Task description:
The entries that follow should be reproduced exactly, with no images carried over.
- - -
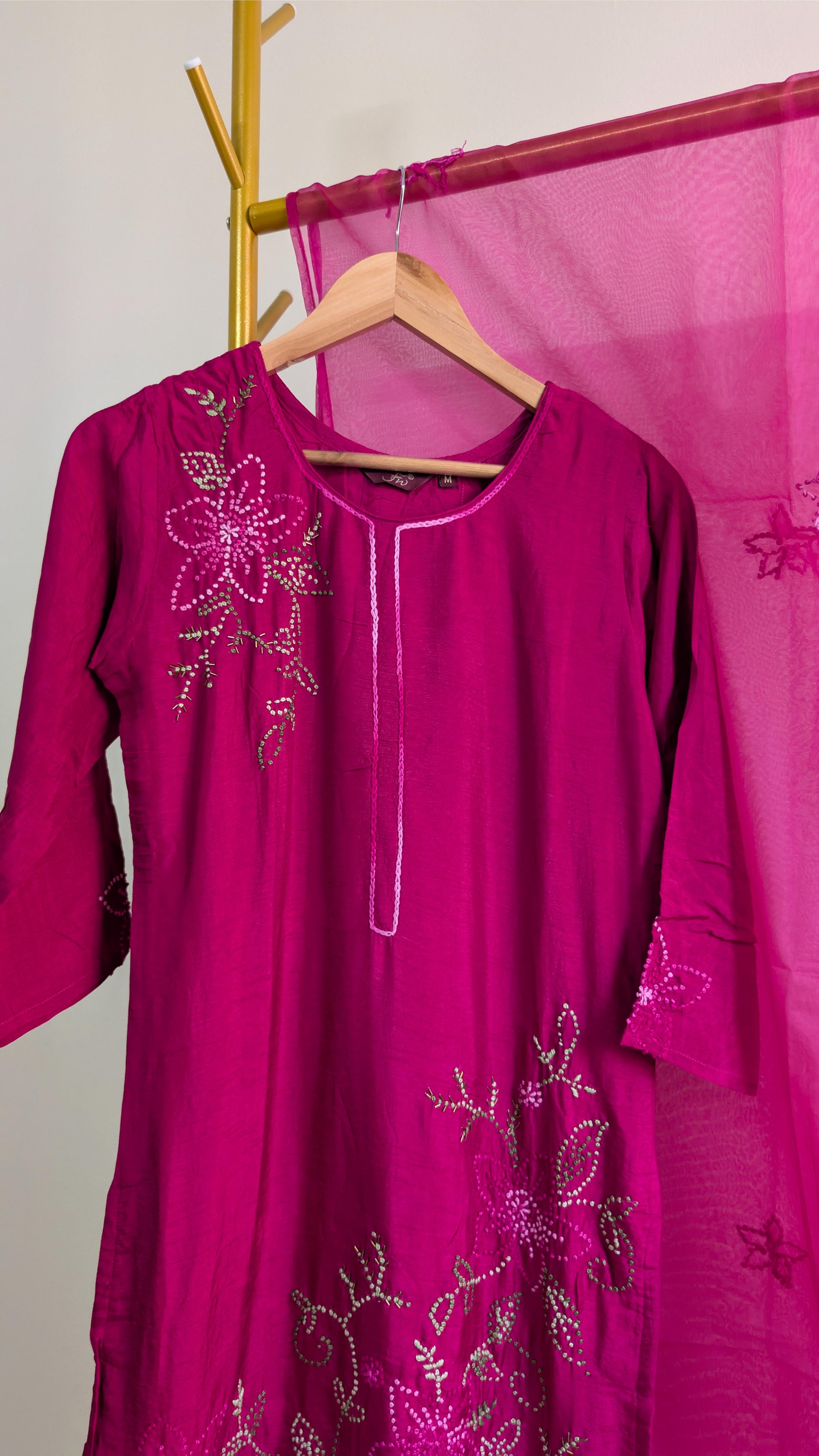 The set includes a kurta, matching bottoms, and a coordinating dupatta with embroidered touches that echo the kurta’s floral design. Lightweight, breathable, and elegant — perfect for festive wear, casual parties, or day events.
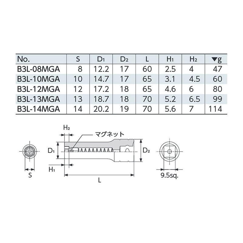京都機械工具(KTC) 9.5mm (3/8インチ) マグネットディープソケット B3L-14MGA
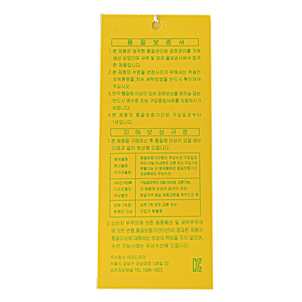 품질보증기준 : 본 상품에 이상이 있을경우 공정거래위원회 의거하여 보상해드립니다.
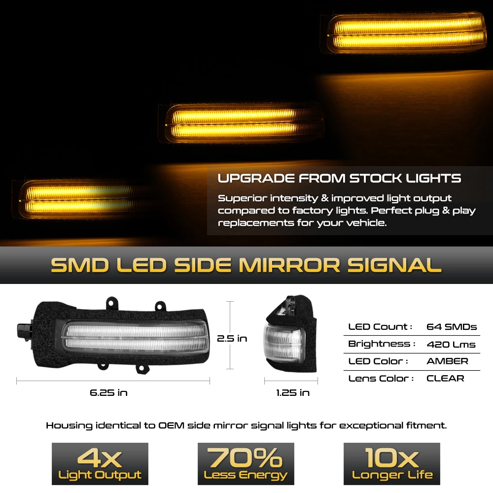 Upgrade your ride with our aftermarket LED side mirror turn signal lights featuring a cutting-edge sequential turn signal function. These high-quality lights not only enhance the appearance of your vehicle but also improve safety on the road.
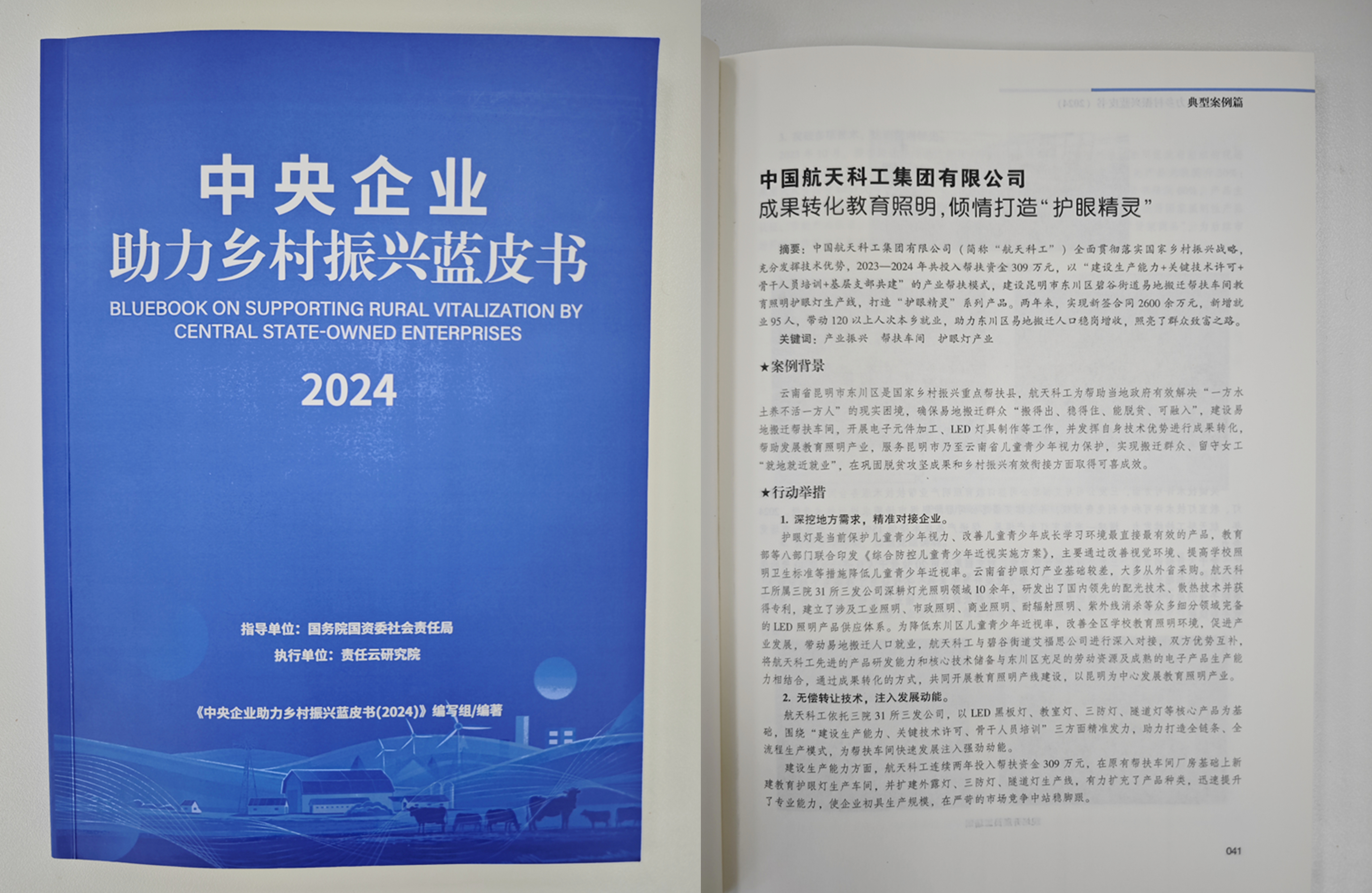 國務院國資委同步發布了《中央企業助力鄉村振興藍皮書(2024)》,集團公司《成果轉化教育照明,傾情打造“護眼精靈”》案例入選。該案例中,集團公司充分發揮技術優勢,以“建設生產能力+關鍵技術許可+骨干人員培訓+基層黨支部共建”的產業幫扶模式,建成昆明市東川區碧谷街道易地搬遷幫扶車間教育照明護眼燈生產線,打造“護眼精靈”系列產品。兩年來,實現新簽合同2600余萬元,新增就業95人,帶動120以上人次本鄉就業,助力實現東川區易地搬遷人口穩崗增收,照亮了群眾致富之路。本項目是集團公司堅持“地方所需、航天所能”,促進幫扶地區產業發展,實現特色產業跨區域轉移的示范案例。
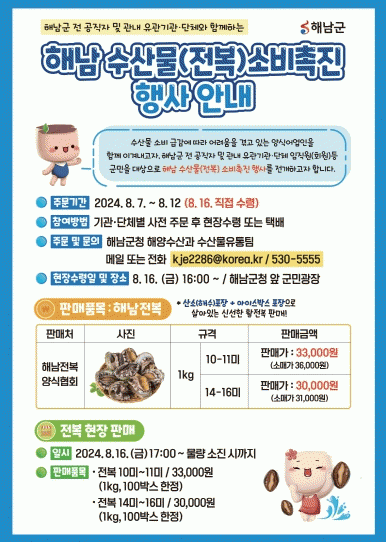 이에따라 군은 군 공직자는 물론 관내 유관기관 및 사회단체 등이 함께 하는 전복 소비촉진 행사를 추진할 계획으로, 오는 12일까지 사전주문을 받아 16일 군민광장에서 현장배부를 실시한다.
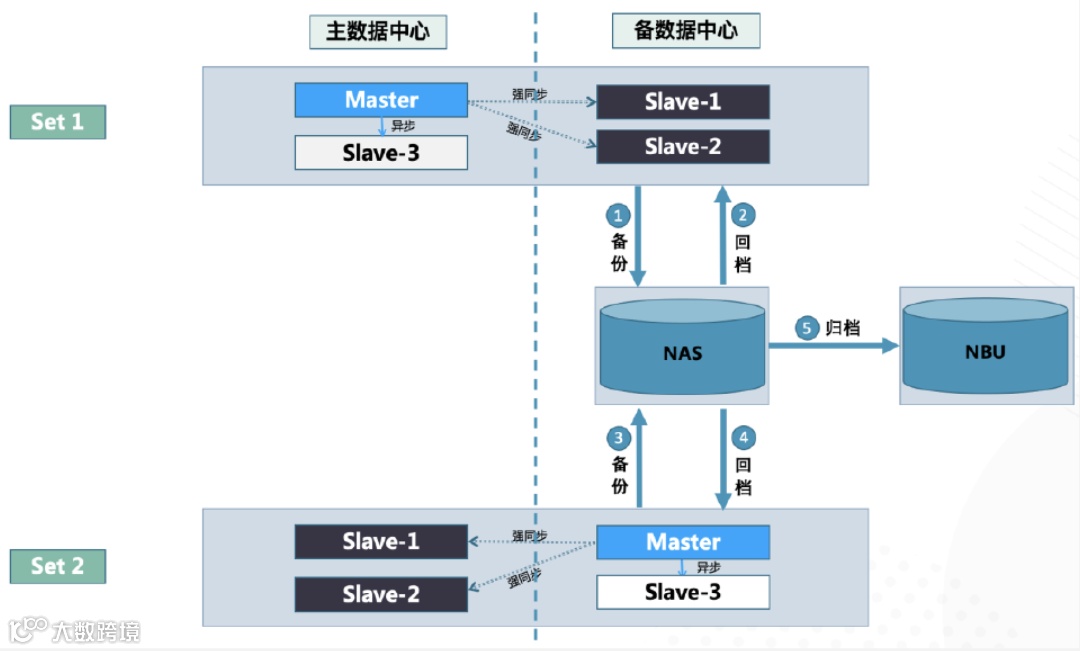 备份以set为单位,一主多备只有一个备库成为备份节点进而完成备份。
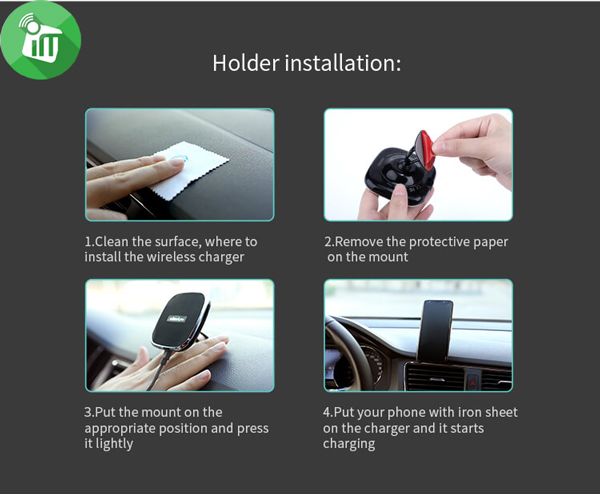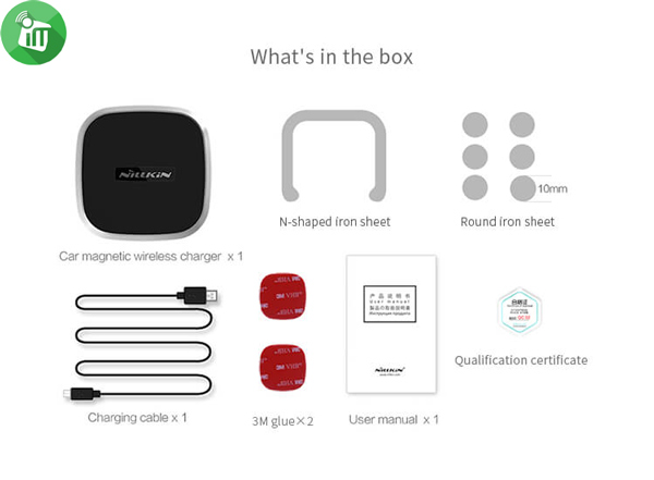 - ♦Package Contents: Nillkin Wireless Car Charger, “n” shape metal sheet, circular iron sheets*6, Micro USB cable, User Manuel.
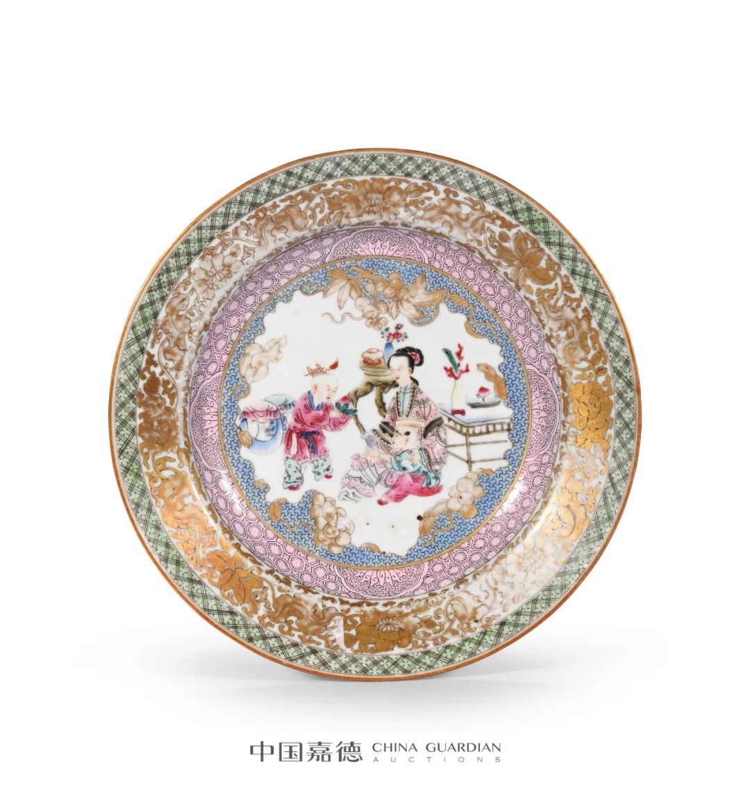 清雍正 内粉彩教子图外胭脂红釉折沿盘
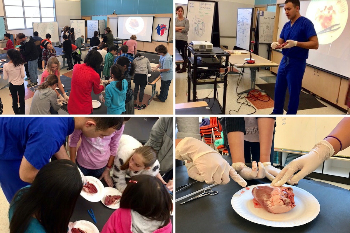 As a Biodesigner + Cardiologist at IDEO Palo Alto, I led three classes of 5th graders at Covington Elementary School (Los Altos, CA) in their annual sheep heart dissection this Valentine's Day. I introduced them to the fundamentals of cardiovascular anatomy and physiology, including the structure and function of each chamber and valve, their relationships to surrounding conduits, and the hemodynamics and electrophysiology that drive the system. You know, just the basics. All of the kids experienced a hands-on exploration of the heart’s surface and texture, then under the supervision of volunteering parents, dissected their ways into the depths of the organ. Accompanying me was my rockstar hostess and sidekick Celia Wedner, future doc and daughter of Palo Alto’s Grant Wedner.
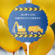Cool custom construction excavator happy birthday ballon for a boy who loves yellow construction vehicles in black and yellow. Fun blue vehicle party decor for kids who love cars and dump trucks. Customize with your kid's name under the black and yellow caution tape with a personalized happy birthday message including their name and age.
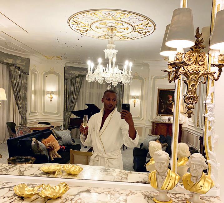 is a photographer who has worked with Cartier, Diesel and Gray M.C.A. He documents David Downton’s portrait of Harris Reed. He loves the ‘trophy husbands’ of Michael Taylor, swimming in Hampstead Heath ponds and creating beautiful things that bring him joy. His room service order is a breakfast of buttermilk pancakes.
- - -
Response below:
 The set includes a kurta, matching bottoms, and a coordinating dupatta with embroidered touches that echo the kurta’s floral design. Lightweight, breathable, and elegant — perfect for festive wear, casual parties, or day events.
京都機械工具(KTC) 9.5mm (3/8インチ) マグネットディープソケット B3L-14MGA
 품질보증기준 : 본 상품에 이상이 있을경우 공정거래위원회 의거하여 보상해드립니다.
 Upgrade your ride with our aftermarket LED side mirror turn signal lights featuring a cutting-edge sequential turn signal function. These high-quality lights not only enhance the appearance of your vehicle but also improve safety on the road.
 國務院國資委同步發布了《中央企業助力鄉村振興藍皮書(2024)》,集團公司《成果轉化教育照明,傾情打造“護眼精靈”》案例入選。該案例中,集團公司充分發揮技術優勢,以“建設生產能力+關鍵技術許可+骨干人員培訓+基層黨支部共建”的產業幫扶模式,建成昆明市東川區碧谷街道易地搬遷幫扶車間教育照明護眼燈生產線,打造“護眼精靈”系列產品。兩年來,實現新簽合同2600余萬元,新增就業95人,帶動120以上人次本鄉就業,助力實現東川區易地搬遷人口穩崗增收,照亮了群眾致富之路。本項目是集團公司堅持“地方所需、航天所能”,促進幫扶地區產業發展,實現特色產業跨區域轉移的示范案例。
 이에따라 군은 군 공직자는 물론 관내 유관기관 및 사회단체 등이 함께 하는 전복 소비촉진 행사를 추진할 계획으로, 오는 12일까지 사전주문을 받아 16일 군민광장에서 현장배부를 실시한다.
 备份以set为单位,一主多备只有一个备库成为备份节点进而完成备份。
 - ♦Package Contents: Nillkin Wireless Car Charger, “n” shape metal sheet, circular iron sheets*6, Micro USB cable, User Manuel.
 清雍正 内粉彩教子图外胭脂红釉折沿盘
 As a Biodesigner + Cardiologist at IDEO Palo Alto, I led three classes of 5th graders at Covington Elementary School (Los Altos, CA) in their annual sheep heart dissection this Valentine's Day. I introduced them to the fundamentals of cardiovascular anatomy and physiology, including the structure and function of each chamber and valve, their relationships to surrounding conduits, and the hemodynamics and electrophysiology that drive the system. You know, just the basics. All of the kids experienced a hands-on exploration of the heart’s surface and texture, then under the supervision of volunteering parents, dissected their ways into the depths of the organ. Accompanying me was my rockstar hostess and sidekick Celia Wedner, future doc and daughter of Palo Alto’s Grant Wedner.
Cool custom construction excavator happy birthday ballon for a boy who loves yellow construction vehicles in black and yellow. Fun blue vehicle party decor for kids who love cars and dump trucks. Customize with your kid's name under the black and yellow caution tape with a personalized happy birthday message including their name and age.
 is a photographer who has worked with Cartier, Diesel and Gray M.C.A. He documents David Downton’s portrait of Harris Reed. He loves the ‘trophy husbands’ of Michael Taylor, swimming in Hampstead Heath ponds and creating beautiful things that bring him joy. His room service order is a breakfast of buttermilk pancakes.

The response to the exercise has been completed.